Rare earth recovery from fluoride molten-salt electrolytic slag by sodium carbonate roasting-hydrochloric acid leaching

Abstract

Fluorinated rare earth molten-salt electrolytic slag contains a considerable amount of rare earth elements, as well as a variety of heavy metals and fluorides that cause environmental pollution. Therefore, it is of great importance to fully utilise this resource. In this study, the transformation mechanism of fluorinated rare earth molten-salt electrolytic slag roasted with sodium carbonate, and the regulation mechanism of rare earth leaching under different roasting conditions were investigated with the help of thermodynamic calculation of the reactions and kinetic analysis. The thermodynamic and differential thermal thermogravimetric (DTA-TG) analysis shows that the transformation of rare earth fluoride to rare earth oxide is promoted at elevated temperature.
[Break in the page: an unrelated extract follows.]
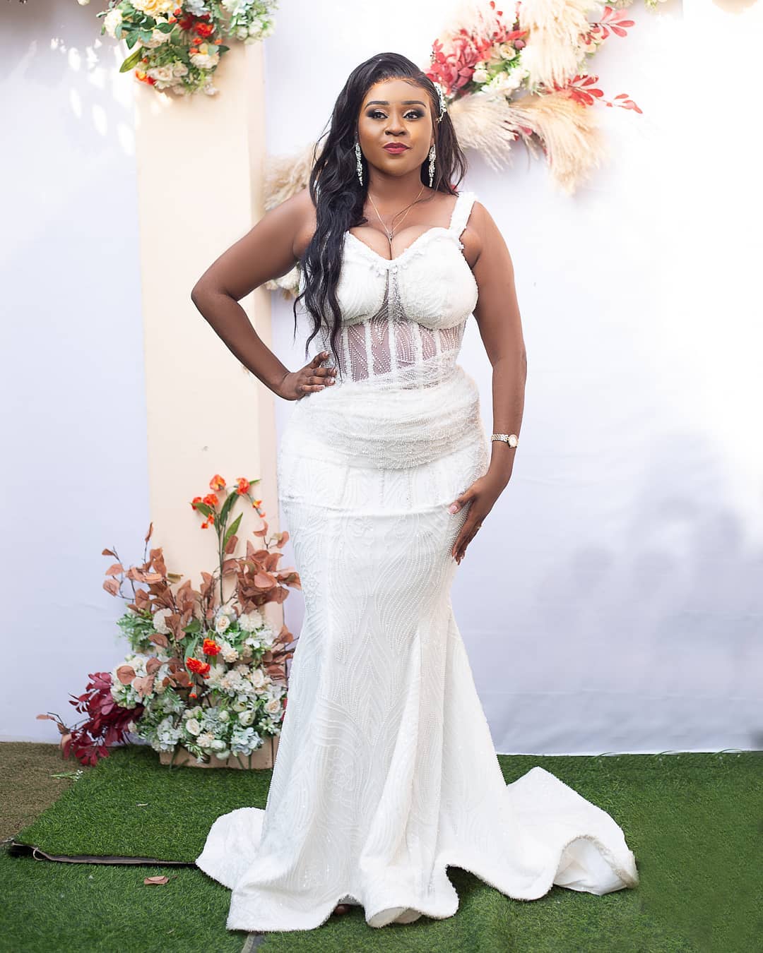 Embrace the enchantment of your special day with our custom white bridal gown by Amoasi Official. This exquisite ensemble is meticulously crafted to fulfill your fairytale wedding dreams, exuding timeless elegance and grace. Each detail is thought

Furthermore, the leaching experimental results show that increasing the temperature, time, hydrochloric acid concentration, and liquid–solid ratio can effectively promote the recovery of rare earths. The optimum experimental conditions are a roasting temperature of 700 °C, roasting time of 2 h, and sodium carbonate to molten salt electrolytic slag mass ratio of 0.6, followed by leaching at 80 °C with a liquid–solid ratio of 10:1 by adding 3 mol/L hydrochloric acid with stirring for 2 h. Under these conditions, the rare earths in the molten salt electrolytic slag are biologically transformed at a lower temperature and the leaching efficiency of rare earths exceeds 98%.